Harriet Green Revives Thomas Cook

 Holiday operator Thomas Cook has reported an eighth straight rise in quarterly profits as its “leaner, fitter and better” form continues to confound travelers expectations.

The once-troubled British business reported £33m profits before interest and tax for the three months to June, bolstered by a rejuvenated market for last-minute deals and city breaks in mainland Europe.
The company credited the dramatic rise - compared against £1m over the same period in 2013 - to increased appetite for its new products and a £51m cost-cutting regime executed in the third quarter.
City breaks and Thomas Cook’s recently launched “concept hotels”, such as adult-only or budget-travel facilities, were among the biggest drivers of increased demand.
It also claims to have seen stronger late-summer bookings in the UK, Germany and northern Europe, and encouraging bookings for the winter 2014-15 and summer 2015 seasons.
Chief executive Harriet Green said efforts to streamline the holiday provider had “transformed” Thomas Cook from “silos” in 18 markets around the world to “one global business”.
Reflecting on the company’s reversal of fortune, Ms Green said: “Two years ago Thomas Cook was most unwell, and we’ve been driving an ongoing transformation.
“Our strongest performer was the UK, where we doubled earnings before interest and tax (EBIT), and we are on track to take out £150 million of costs by the end of September 2015.

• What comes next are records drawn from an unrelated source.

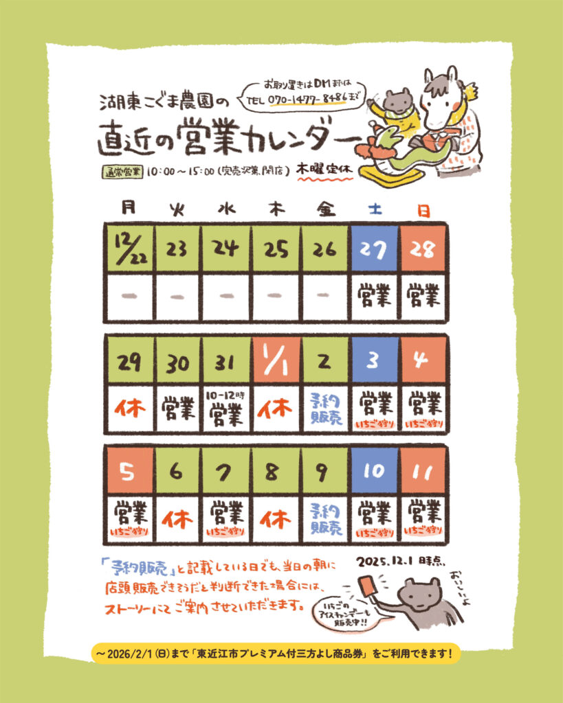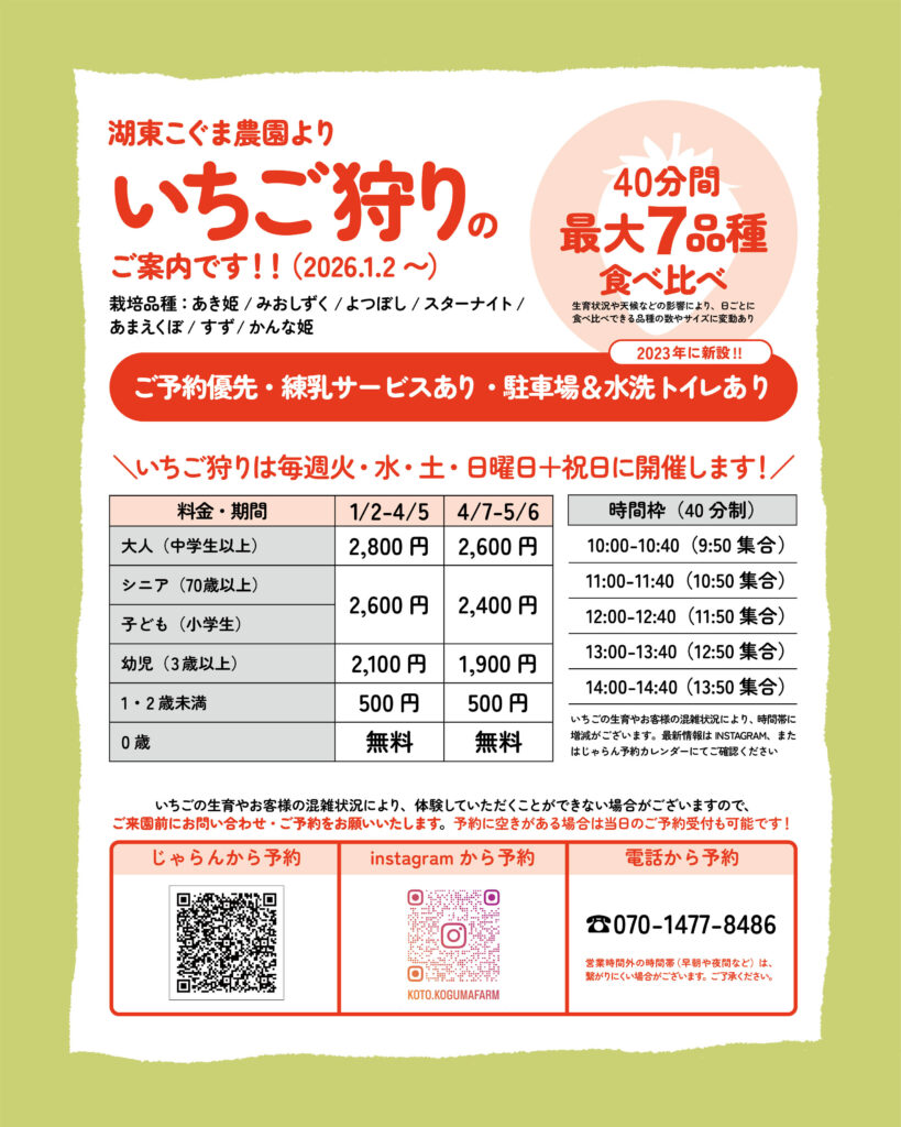 | 開園情報 | 軒先販売 12/27(土)〜5月頃まで いちご狩 2026/1/2(金)〜5月頃まで 営業 10:00〜15:00(完売次第、終了) 月・金曜は予約販売制でパック販売のみ |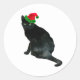 A black cat wears a red and green Santa cap on these holiday return address labels.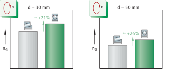 角接觸球軸承 與圓錐滾子軸承的速度比較 nG=極限速度 | ![]() |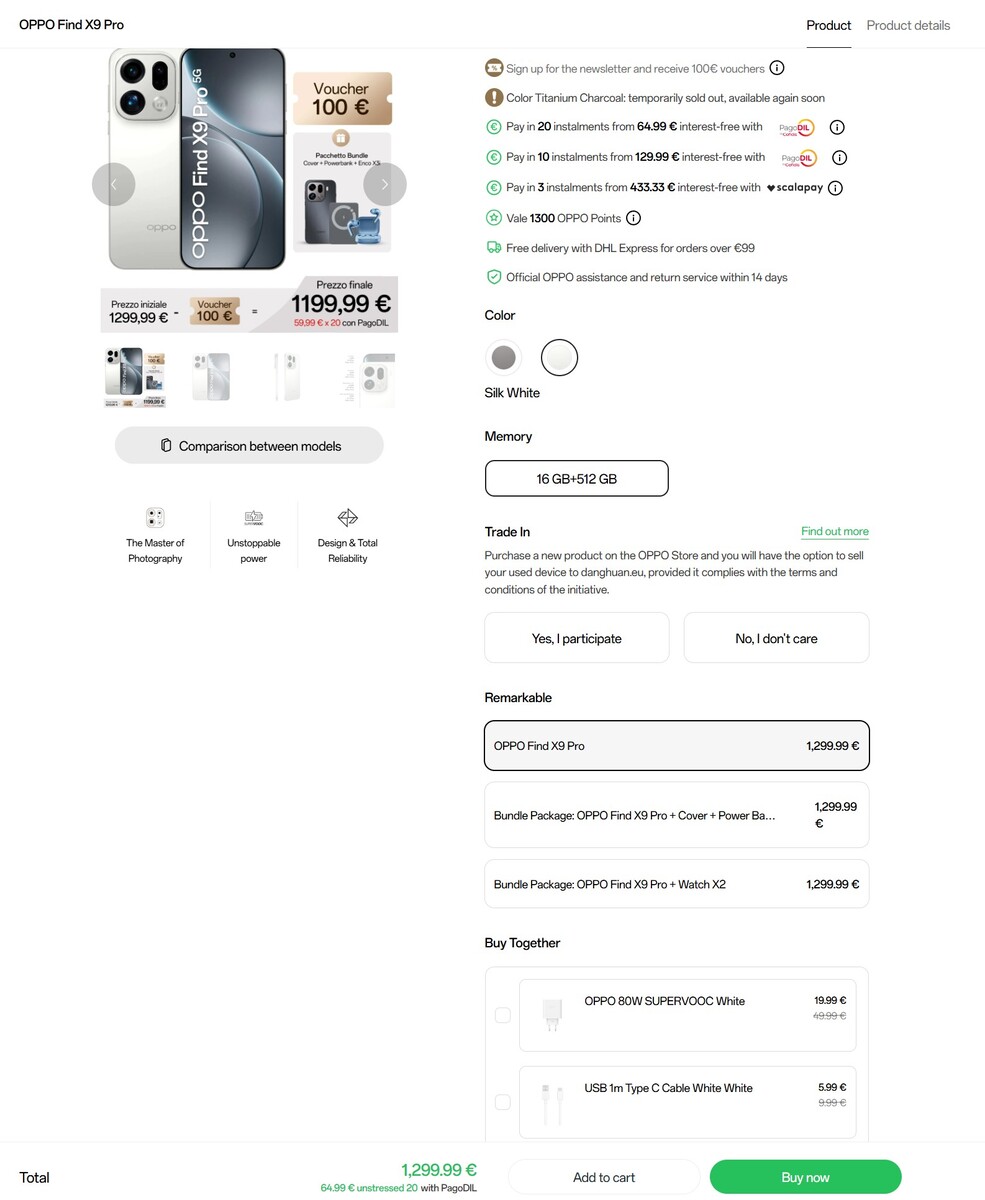 Även om vi inte har hittat några specifika Oppo Find X9-produktsidor i östeuropeiska länder som Ungern, Tjeckien, Bulgarien, Kroatien eller Polen, samt i norra Europa, finns det ett intressant förbeställningserbjudande i Italien. Där kan du få $100 rabatt på Oppo Find X9 Pro när du registrerar dig för nyhetsbrevet och väljer mellan två paketerbjudanden, antingen ett med Oppo Watch X2 eller ett med Enco X3i EarBuds, ett fodral och en powerbank. I Rumänien, å andra sidan, erbjuder Oppo ett utökat paketerbjudande bestående av Oppo Watch X2, en 80-watts laddare och ett skyddsfodral i aramid för 6 500 lei, vilket motsvarar 1 276 euro. Du kan dock inte lägga något i din kundvagn ännu, eftersom leveransen inte börjar förrän i november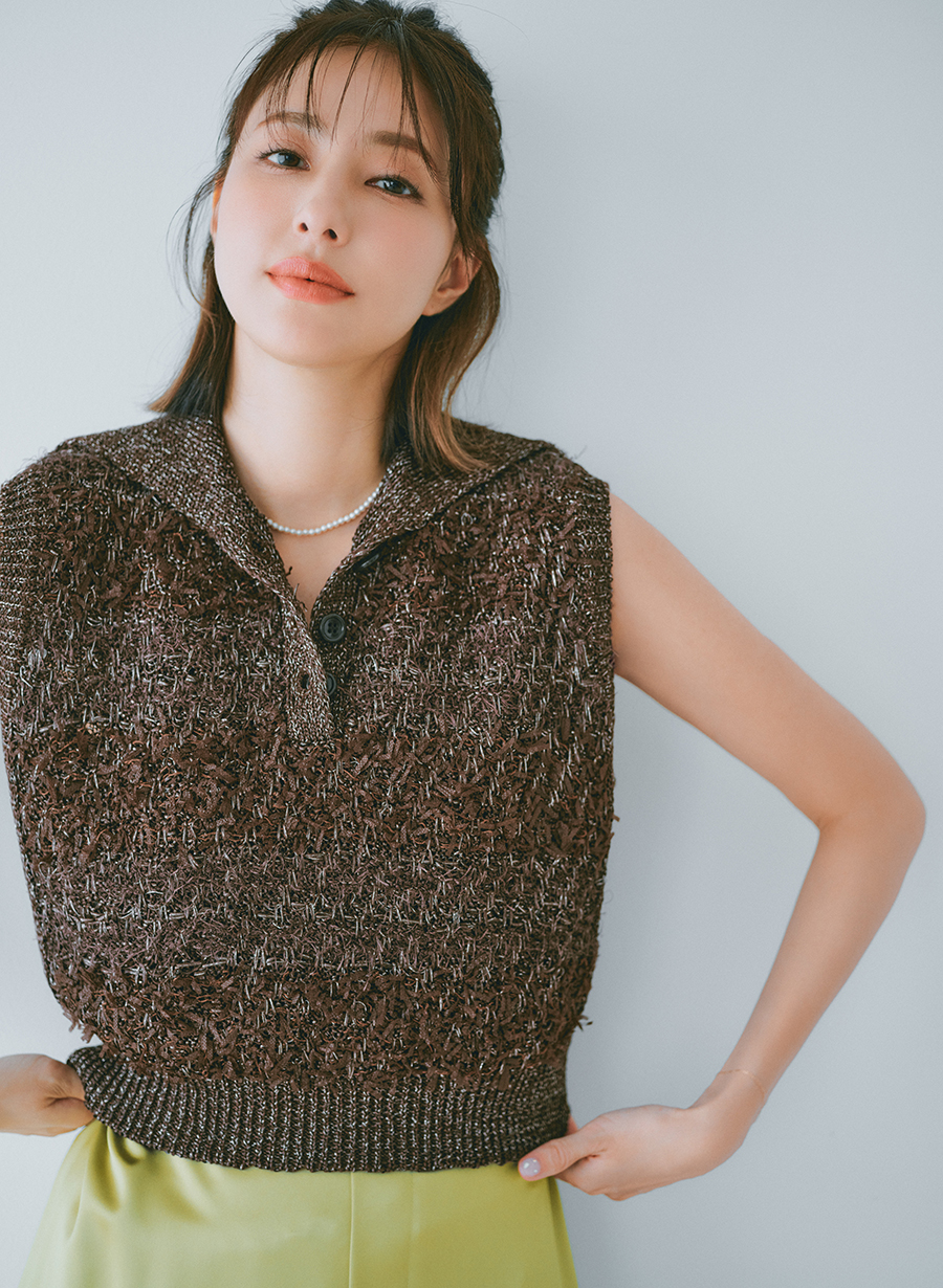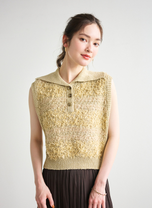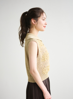 ・今季らしい襟付きのニットをファンシーヤーンでつくりました。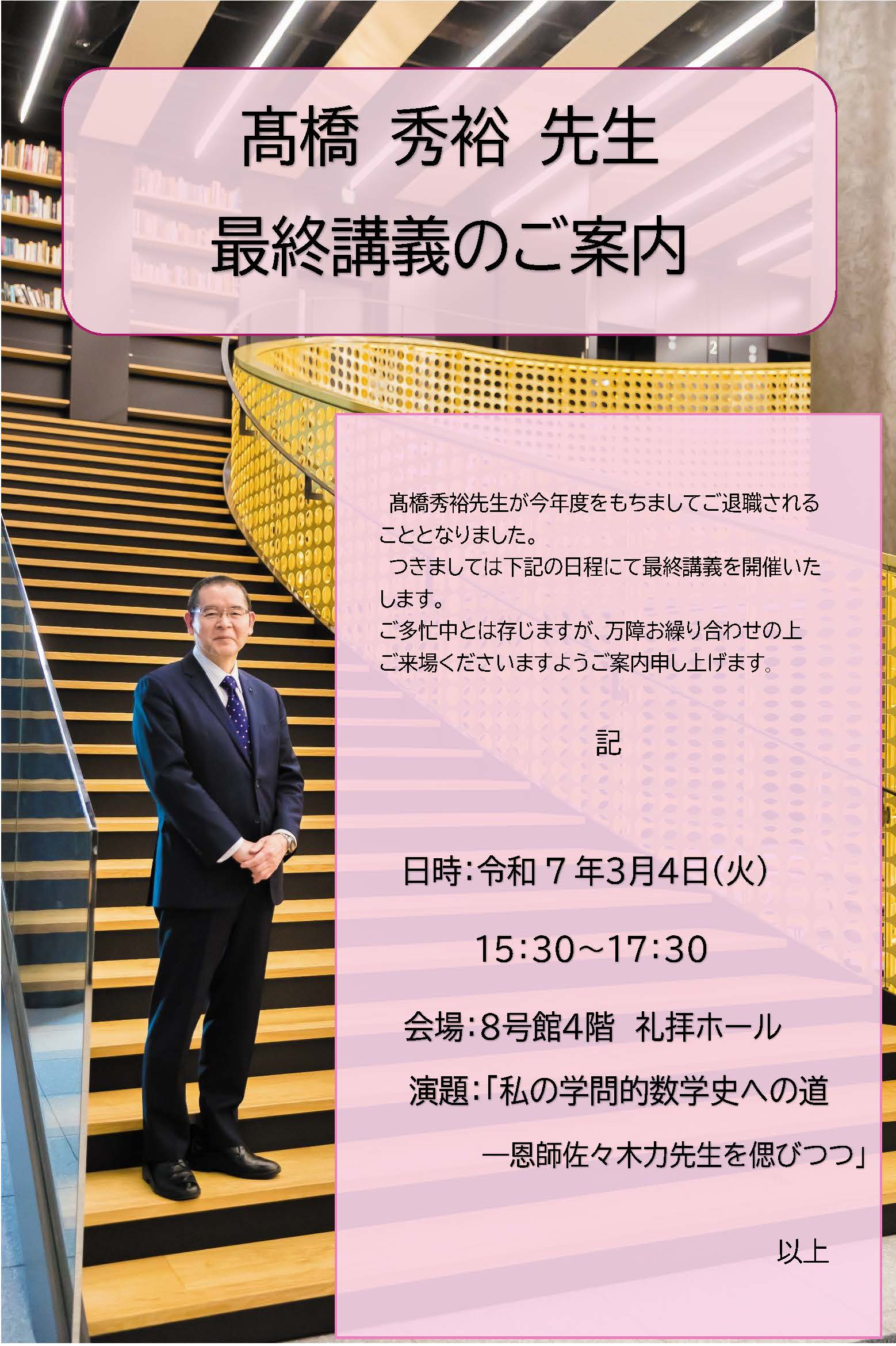 【お知らせ】第36代学長を務めた髙橋秀裕先生が最終講義を行います

“Efforts to make the business leaner, fitter and better have had a big impact. We’ve also massively improved the quality of our product and there has been stronger demand from our customers.”
Michael Healy, Thomas Cook’s chief financial officer, explained that reduced costs had been achieved through integrating the company’s four separate airlines and increasing efficiency in historically separate branches of the UK business.
The quarterly figures reported a statutory EBIT for the three months to join of a £43 million loss, explained by a series of one-off costs associated with the campaign to streamline operations.
Restructuring costs of £30 million were combined with a £29m contingency fund put aside by Thomas Cook after a landmark ruling this year paved the way for compensation claims for flight delays.
The Court of Appeals ruling created the potential for travellers to claims money back from the cost of flights delayed by routine technical problems.
Jet2, the airline implicated in the original case, have applied to the Supreme Court for permission to appeal the decision and, if granted, a review is likely to take place in late 2015.